Felix, meanwhile, has been busy enjoying his favorite pastime: listening to opera while painting dick rockets (ahem, “in art, it’s called a phallus, darling”) on the walls in the nude. And then Sarah comes barging back into his life. Frankly, Felix has every reason to be as resentful as he is about his sister’s crap. Why is every protagonist’s best friend (or in this case, adoptive sibling) always so unwaveringly selfless? These high-stakes stories, particularly on TV, stretch on for months or even years, yet these characters gladly keep their lives perpetually on hold to aid the hero. At first, the sacrifice seems logical — I mean, what would you do if you found out your sister was a science project being hunted by two cults and a corporation? — but after a while, the fact that it never seems to cost them anything to do so starts smelling fishy. I’m glad Felix is finally sticking up for himself, not only because he deserves better than being manipulated to help Sarah break into Club Neolution, being judged for wanting to find his birth parents, and being abandoned mere minutes after Sarah insists that she is the only family that should matter to him — but also because “Transgressive Border Crossing” may inspire other showrunners to reconsider their own supporting characters’ autonomy.

Sarah got her money’s worth, though. At the club, another seemingly wronged Neolutioner mistakes her for Beth and takes her out back to show her a video on his phone, in which a dude is killed by the robo-maggot in his cheek when his friends try to destroy it. I guess that’s why they had to cut Capra’s whole cheek out. She manages to run off with his phone once he realizes she’s not Beth, which is lucky, because MK conveniently texts him seconds later to “meet” her at an empty laundromat. When she sees Sarah arriving instead, she opts to call remotely, warning her sestra that knowing any more information about these maggot things “will kill you like it killed Beth.” She tells Sarah that she’d met Beth at her house after she’d returned from her wig-and-gun run covered in someone else’s blood (the Neolution detective, perhaps?). Visibly shaken, she’d been avoiding all clone contact for days, and when pressed for details, will only say that she’d screwed it all up and that they should all stop digging — as though that would keep them safe, LOL.

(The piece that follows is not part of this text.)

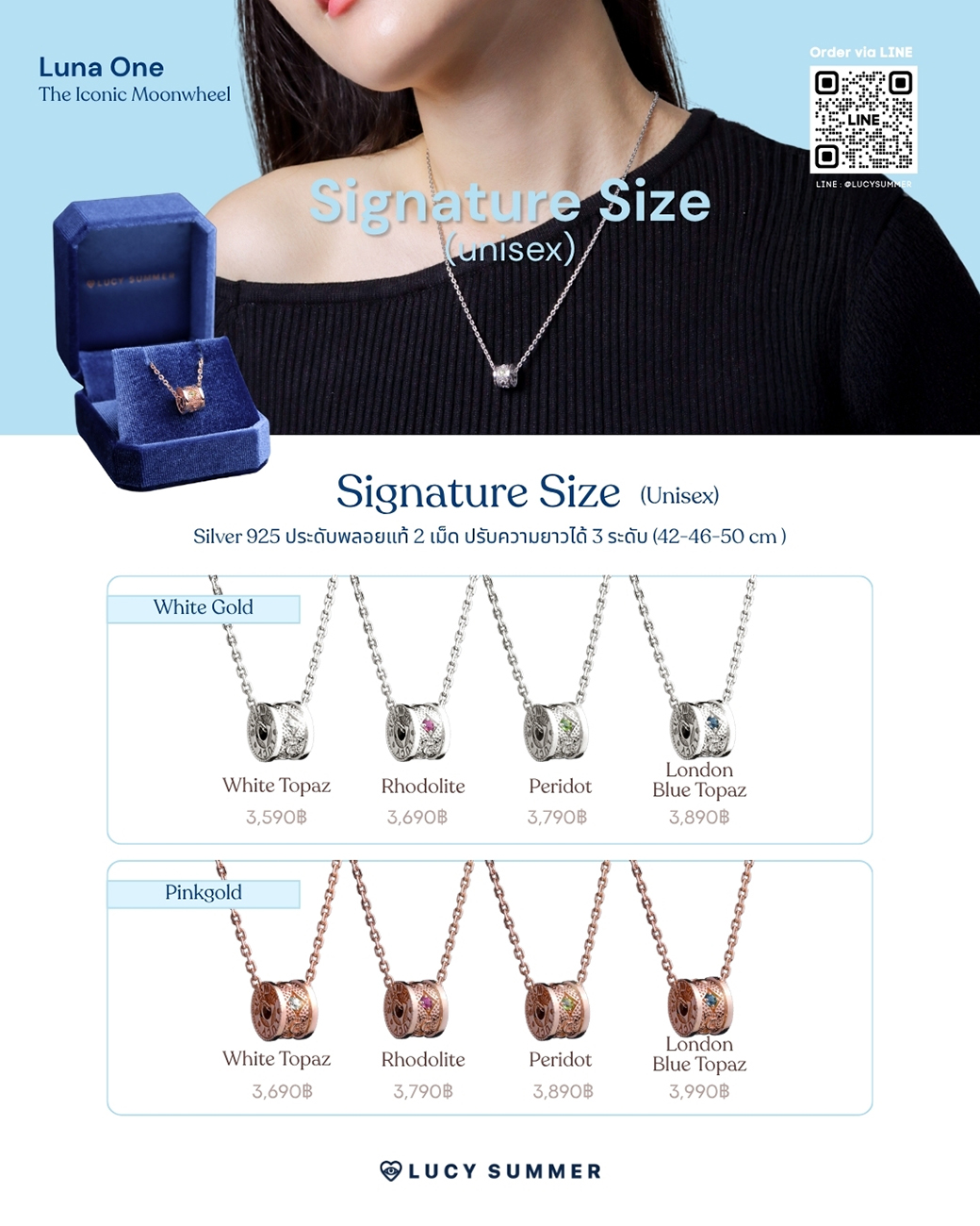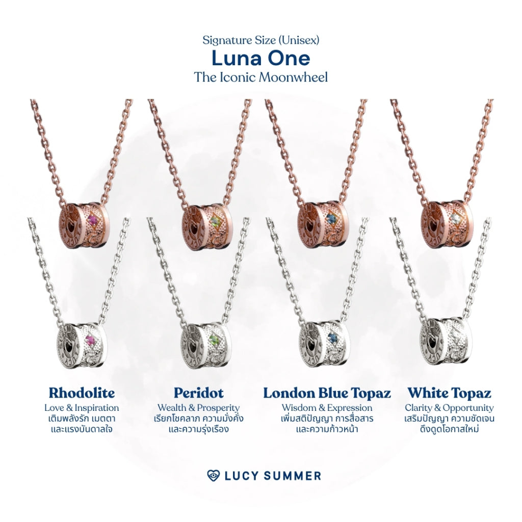 LUCY SUMMER สร้อยคอพร้อมจี้วงล้อ พลอยแท้ รุ่น LUNA ONE Necklace - Signature Size (Unisex) ตัวเรือนเงินแท้ พลอยแท้
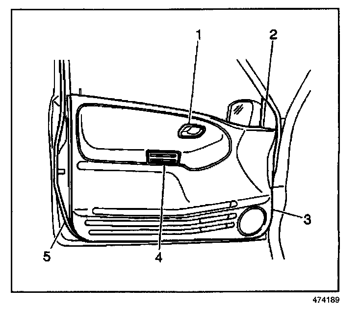2. Disconnect the outside rearview mirror electrical connector (1).

When MK begged her not to abandon her, Beth had just hugged her, told her to protect the others, and walked out, presumably to the train station to meet her demise. Then two things happen: Sarah realizes MK is sitting outside in her car, and the EMS Ghoul Squad shows up, locking the door behind them. They seem ready to kill or kidnap her, but after some deliberation (in German, because of course it’s in German) and a quick finger swab of her right inner cheek, they realize she’s not MK, as previously assumed, and just … let her go? This scares the living bejesus out of Sarah, who bolts back to the safehouse to a self-examination. The final few seconds feature the most horror-struck face I’ve seen on a screen since It Follows, as Sarah realizes, with the help of a flashlight, that she’s got a wriggling maggot in her own cheek.

A few modest cliffhanger concerns:

  1. How has Sarah not felt that thing moving around in there?!
  2. How the eff could the Ghoul Squad identify her simply by rubbing a finger across that spot?!
  3. Was it foreshadowing when Siobhan prevented Sarah from checking Kira? For that matter, were the monkey-burning and Kira being mad at Sarah for not letting her see Aunt Alison foreshadowing, too?

This nightmare hellscape has finally dropped all pretenses and gone straight for peak body-horror, so I’m going to need these questions answered post-haste. Thank you all for being here with me during this dark time.